В столовой воцарилась тишина. Гертруда разливала кофе, Пауль мрачно смотрел перед собой, Китти слегка опустила веки, ела печенье и делала вид, что все это ее не касается. Мари чувствовала себя беспомощной. Если бы Китти не была такой агрессивной с самого начала… Во многом она была с ней согласна. Но теперь ситуация окончательно запуталась.
– Можно нам встать? – спросила Додо сдавленным голосом.
– Спросите свою бабушку, – велела им гувернантка. Серафина молча слушала семейный спор. Конечно, не ее дело было вмешиваться или даже высказывать свое мнение. Но, безусловно, она что-то об этом думала.
– Сыграй нам пьесу на фортепиано, Додо, – попросила Алисия. – А как насчет моей маленькой Хенни? Ты тоже можешь что-нибудь исполнить?
– Я знаю стишок, – похвасталась Хенни.
– Тогда пойдемте туда. Юлиус, вы можете подать ликер, а потом убрать здесь. Идите, мои маленькие. Мне очень хочется услышать твое стихотворение, Хенни.
Мари не могла не восхититься Алисией за умение держаться. Как легко она вернулась к обычным занятиям воскресного дня! Пили ликер, болтали о семейных пустяках. Бедная Додо. Она от всей души ненавидела фортепиано.
В коридоре Пауль на мгновение обнял Мари за плечи.
– Мы поговорим позже, Мари. Не унывай, мы найдем решение.
Это пошло ей на пользу. Она с благодарностью посмотрела на него.
– Конечно, милый. Все это немного неожиданно.
Он поцеловал ее в щеку, затем они пошли в красную гостиную, и Мари села рядом с Китти на диван.
– Не волнуйся, – шепнула Китти и сжала ее руку. – Я с тобой, Мари.
Затем она выслушала свою дочь, которая, не задумываясь, прочитала стихотворение, которое Китти никогда в жизни не слышала. Гертруда научила девочку этому стихотворению.
– «И сколько бы зима ни грозила вызывающими жестами…»
– Знаками, – терпеливо поправила Гертруда.
– «И посыпала лед и снег вокруг, весна должна ведь наступить…»

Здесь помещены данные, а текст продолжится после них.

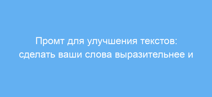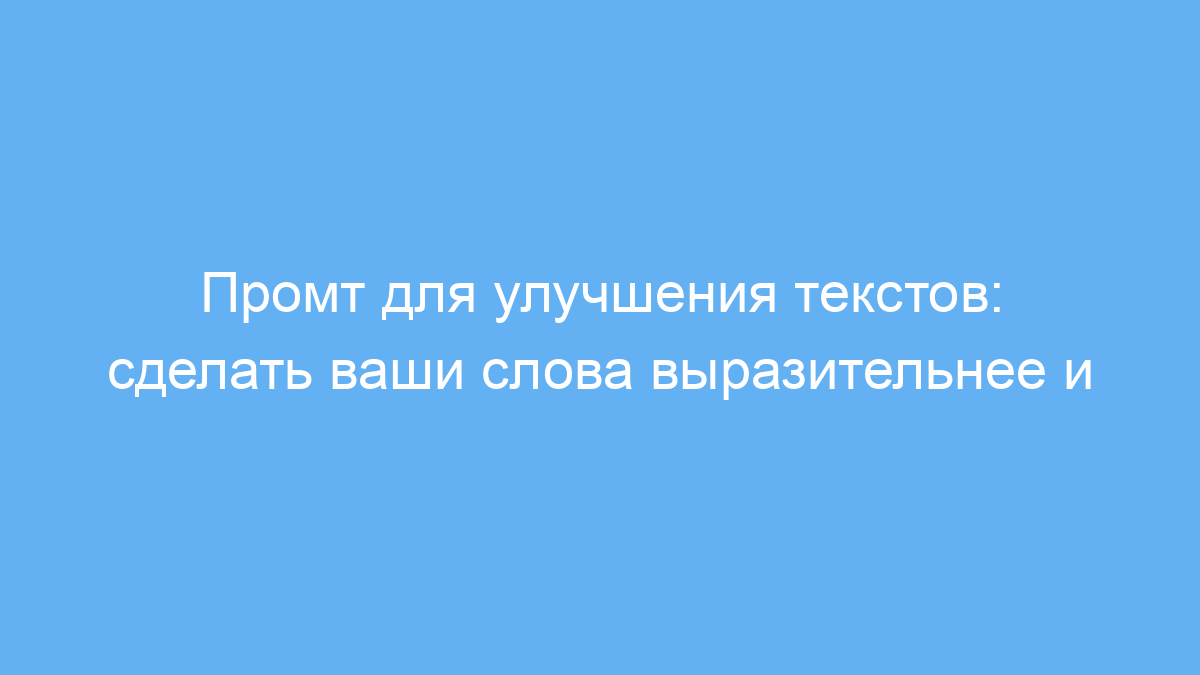 Промт помогает решать типичные проблемы текстов: неясность, сухость, отсутствие выразительности и слабая структура. Благодаря ему вы получаете отредактированную версию вашего текста, где сохранён первоначальный смысл, но улучшены стиль, словарный запас и логика изложения. Просто отправьте исходный текст — далее нейросеть перепишет его так, чтобы он лучше впечатлял и убеждал читателя.

У Хенни были значительные актерские задатки, она сопровождала свое декламирование энергичными жестами. На слове «ведь» она настолько вошла в роль, что ее голос сорвался, и она закашлялась. Несмотря на этот небольшой недостаток, выступление всем понравилось. Она кланялась на все стороны, как опытная артистка. Додо бесстрашно пошла к нелюбимому инструменту, села на стул и быстро сыграла нужные ноты. Ее тоже похвалили и сделали комплименты гувернантке, которая давала уроки. В конце Лео сыграл прелюдию Баха. Он исполнил ее без нот, с закрытыми глазами, полностью погружаясь в мир звуков. Мари была глубоко тронута, как и Китти с Гертрудой.
– Это было великолепно, Лео! – восторженно похвалила Китти. – Кто тебя этому научил? Ведь не фрау фон Доберн…
Лео покраснел, неуверенно посмотрел на гувернантку, а затем объяснил, что получил ноты от господина Урбана, своего учителя.
Мари знала, что это ложь. Наверняка том прелюдий и фуг принадлежал госпоже Гинзберг, матери его друга Вальтера.
– Лео, если бы ты так же усердно учился в школе, как играешь на фортепиано, мы были бы тобой очень довольны, – сказал Пауль.
Мари расстроилась, заметив, как съежился Лео после слов отца.
– Да, папа.
– Теперь вы можете немного прогуляться, – быстро проговорила Мари и повернулась к Серафине: – Наденьте на них какую-нибудь старую одежду, и пусть немного побегают.
К ее большому огорчению, Хенни не разрешили присоединиться к ним, потому что Китти захотела вернуться домой. Болтая без умолку, она, казалось, совершенно забыла о ссоре и с нежностью обнимала Алисию и Пауля. Китти также тепло попрощалась с Мари, расцеловала ее в обе щеки – как это всегда делали французы – и прошептала:
– Все будет хорошо, моя милая Мари. Я буду бороться за тебя, глупая нежная овечка. Я буду бороться за тебя, как львица, защищающая своего детеныша.
Позже, когда Алисия и дети уже давно легли спать, Мари сидела в своей комнате над эскизом, который должен был быть готов к завтрашнему дню. Ей было трудно сосредоточиться, потому что в голове бурно кружились мысли. Тридцать картин. Целый мир. Мир ее матери. Она должна была увидеть эти картины. Почувствовать их влияние. Расшифровать скрытое в них послание.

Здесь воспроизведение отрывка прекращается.